Another object of this invention is to provide means of inputing commands with six degrees of freedom while providing the advantage of having spatial sensor isolation. Such isolation is a definite advantage in that it

« eliminates error from vibration and from inaccurate human input. Unlike in the prior art, the sensor isolation of this invention allows the advantage that the handle can vibrate for tactile feedback without producing any unwanted signals. Also unlike in the prior art, the sensor isolation of this invention allows tolerance that forgives the imprecisions of human-hand input.

Another object of this invention is to provide means of mechanically translating full 6-DOF physical real-world motion directly into electrical outputs.

Since each sensor of these teachings is directly associated with exactly one of twelve orthogonal outputs, no additional circuitry or computational power is required to resolve signals into vector components.

Additionally, this invention provides the advantage of sensor independence. Unlike the prior art, this invention is an input device that has physical manifestations that can stimulate any of various types of sensors. While the prior art is dependent upon specific types of sensors, this invention can be constructed with sensors as inexpensive as simple electrical contacts or as sophisticated as a manufacturer desires. Another advantage of this invention is with regard to its economy of manufacture. Traditionally, three-dimensional graphics computers have not been price sensitive, but the price is rapidly falling and will soon be an important consideration. The physical structure of this invention can be manufactured for only a very minimal cost in injection-molded parts. Another object of this invention is to provide means of inputing commands with six degrees of freedom while providing the advantage of intuitive input. This invention directly translates natural physical stimuli into similar virtual "action". Fortunately, since we live in a three-dimensional world, natural movements serve well as direct commands. For example, to rotate clockwise a selected object, one must simply apply clockwise pressure to the handle. All commands arc equally intuitive and easy to use.

Another object of this invention is to provide means of inputing commands with six degrees of freedom while providing the advantage of a stationary input position for the user. Unlike the prior art, such as devices using the polhemus sensor (e.g., the data glove), which are absolute position devices, the current invention is a relative position device. A relative position device has many advantages over an absolute position device. Six degree of freedom input devices are often controllers of a virtual or imaginary electronic

« world. These virtual worlds can be likened to dream worlds of unlimited scope. An operator in these virtual worlds still exists in a real world with physical limitations. Just like when someone is in a dream and the brain turns off all motor activity so that the dreamer does not conflict with the physical limits of the real world, it is important also for someone in a virtual world to have no conflict with the physical limitations of the real world.
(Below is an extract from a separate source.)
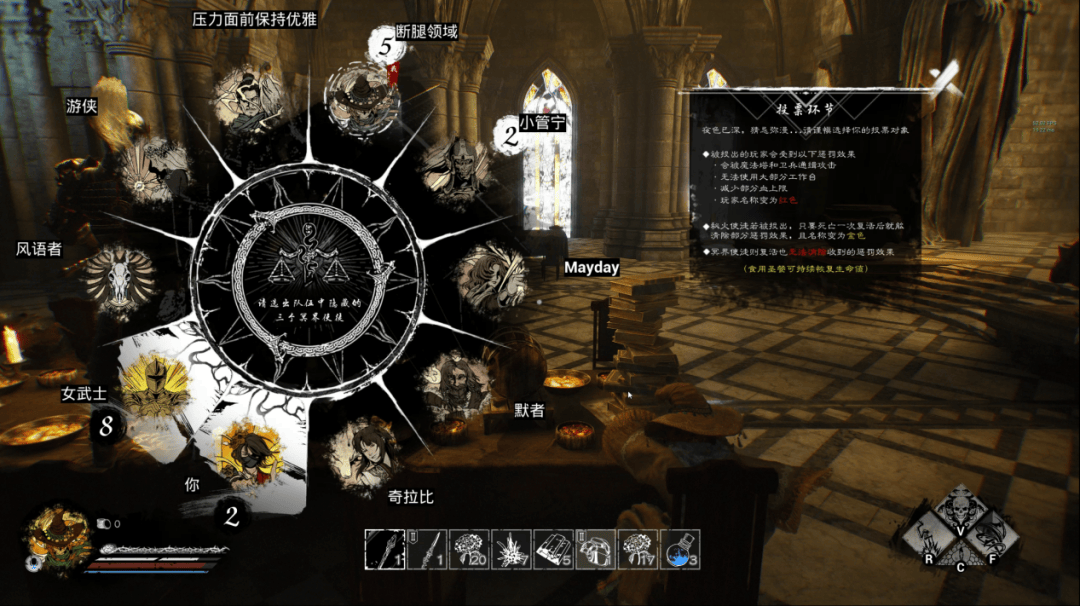这种“娱乐性为王”的理念也根植于《骤影绯月杀》的深处。从我看到的内部测试版本来看,绯月杀除了保留了狼人杀投票的经典玩法之外,还引入了一套职业和养成的RPG玩法。在第一阶段,玩家需要拔除三个瘟疫点,在此期间可以通过做任务或者打BOSS快速获得强力装备和魔法,而狼人角色既可以乘机捣乱,也可以静观其变。

Unlike absolute positioning devices which require a large range of real world movement to control the virtual world, this invention requires minimal real world movement.

An additional benefit of this advantage is that the hand and arm of the user remain in a comfortable and rested position during operation. This is in marked contrast to an absolute position device such as the data glove in which the operators arm becomes quickly fatigued from movement and the necessity of maintaining the user's hand in an elevated position.
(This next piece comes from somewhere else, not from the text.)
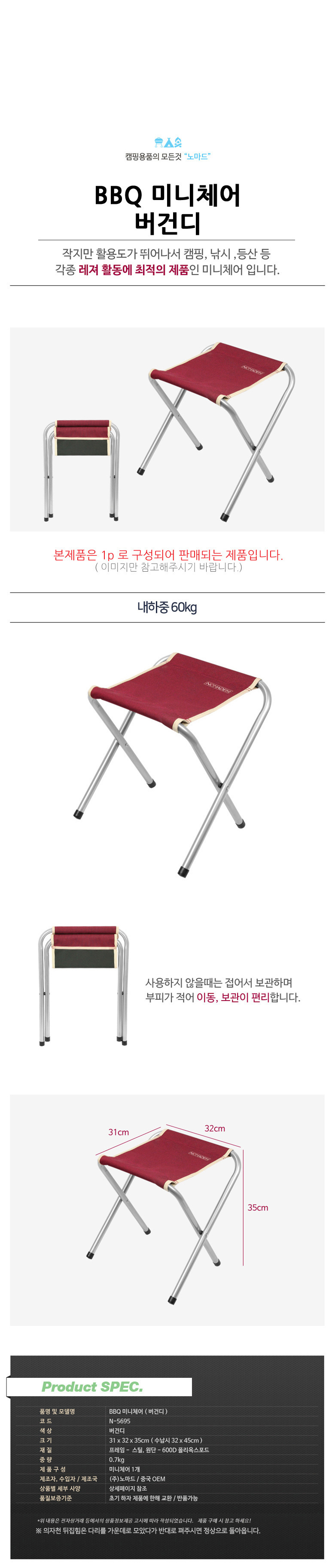 • 품명 BBQ 미니체어 버건디

Another object of this invention is to provide means of inputing commands with six degrees of freedom while providing the advantage of versatility of complex movements. This invention is fully featured, all three perpendicular Cartesian coordinates are interpreted bidirectionally, as are the rotations about each axis. These linear and rotational vectors can be combined in every possible way. This feature of all possible vector combinations allows this invention to describe every possible motion in three dimensions.
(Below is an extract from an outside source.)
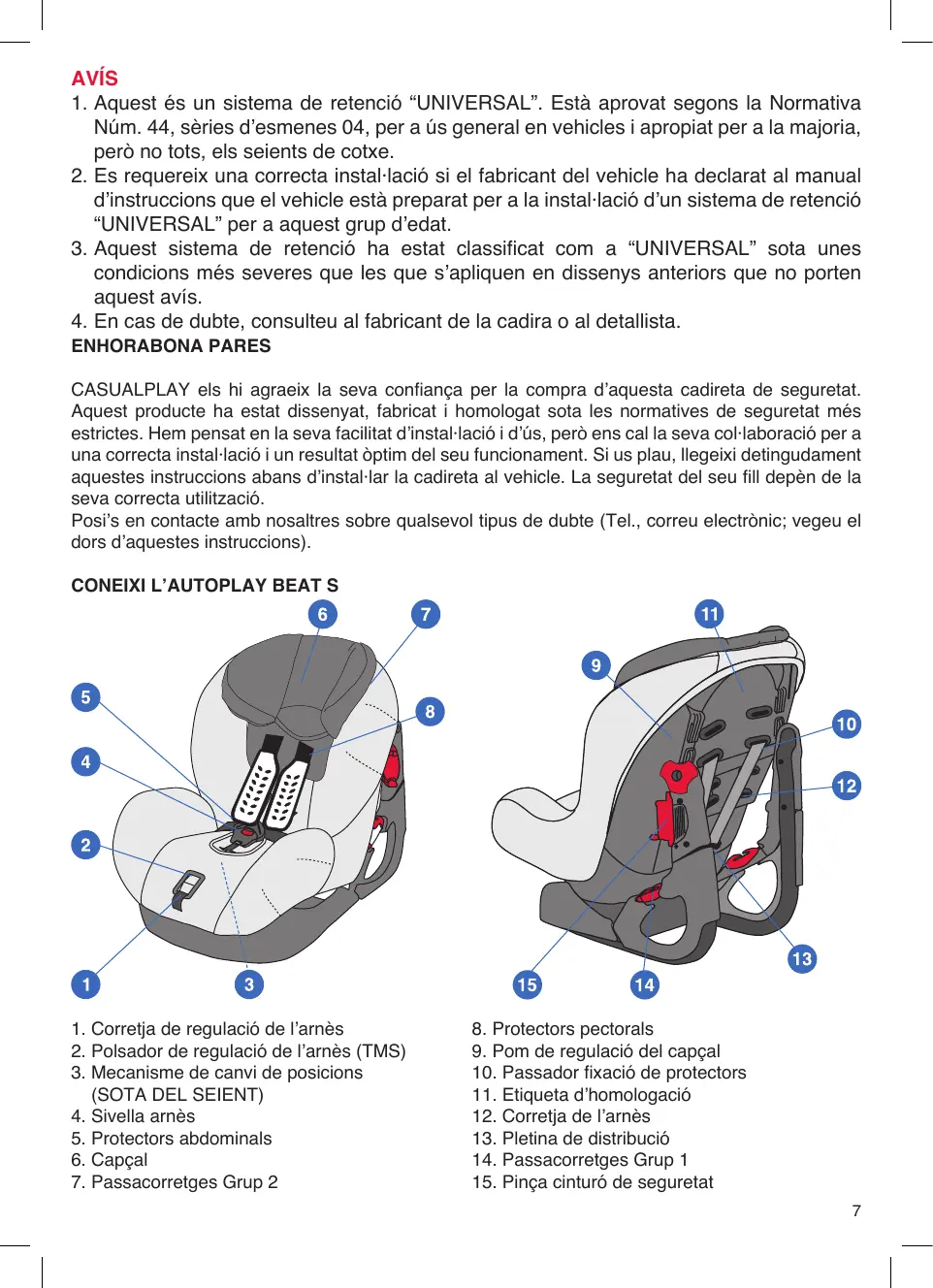 ENHORABONA PARES CASUALPLAY els hi agraeix la seva confiança per la compra d’aquesta cadireta de seguretat. Aquest producte ha estat dissenyat, fabricat i homologat sota les normatives de seguretat més estrictes. Hem pensat en la seva facilitat d’instal·lació i d’ús, però ens cal la seva col·laboració per a una correcta instal·lació i un resultat òptim del seu funcionament. Si us plau, llegeixi detingudament aquestes instruccions abans d’instal·lar la cadireta al vehicle. La seguretat del seu fill depèn de la seva correcta utilització. Posi’s en contacte amb nosaltres sobre qualsevol tipus de dubte (Tel., correu electrònic; vegeu el dors d’aquestes instruccions).

Another object of this invention is to provide hand-operated control means for physical, real-world machines, such as forklifts, aircraft, spacecraft, etc.

Further objects and advantages of this invention will become evident upon consideration of the following descriptions and drawings.

Brief Description of the Drawings

Preferred embodiments of the invention are described below with reference to the following accompanying drawings.

Fig. 1 is a partially exploded perspective view showing the preferred embodiment.

Fig. 2 shows a median section view "of the preferred embodiment.

Figs. 3A and 3B show a horizontal section view taken through line 3-3 of Fig. 2.

Figs. 4A and 4B show a perspective view of two different locations for placement of turn left and right sensors.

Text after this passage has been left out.